At the Gaiety theatre in London at the beginning of the 1890s, The Gaiety Girls were the chorus girls in the Edwardian musical comedies.
These musicals were quite popular, primarily due to these beautiful dancing 'Gaiety Girls' who would appear on-stage in bathing costumes and in the latest English fashions.
These girls were polite, respectable, pretty, elegant young women who frolicked on-stage to English humour, singing and dancing.
Many of the best known London couturiers would design the stage costumes and due to the popularity of the actresses, the theatre became a great way for clothiers to advertise their latest fashions.

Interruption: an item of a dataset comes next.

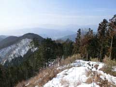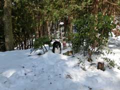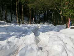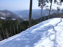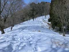 景信山に戻る途中、南側の踏み跡の無い巻路を歩いて行くと雪質がシャーベット状態で何度もスノーシューが60cmほど埋まってしまい巻路を通過するのに体力を通常の倍程度消耗する。景信山に戻り小休止後スノーシューを付けたまま登山口まで降って見る。(雪山スノーシューハイク)

The girls became so popular that wealthy gentlemen (nick-named 'stage door Johnnies') would wait outside the stage door in the hope of escorting a girl to dinner. At the time, it had been arranged for the girls to dine at the restaurant Romano's (Strand) at half price giving good exposure to the girls whilst making the restaurant a centre point of London's night-life.
All in all, the Gaiety had become like a dating agency for girls who wished to marry into wealth, and many of the Gaiety Girls successfully married into noble houses.
Further to the good fortune of being the most wanted girls in town, many of the Gaiety Girls also enjoyed substantial acting careers, and one Gaiety Girl by the name of Mabel Russell became a Member of Parliament.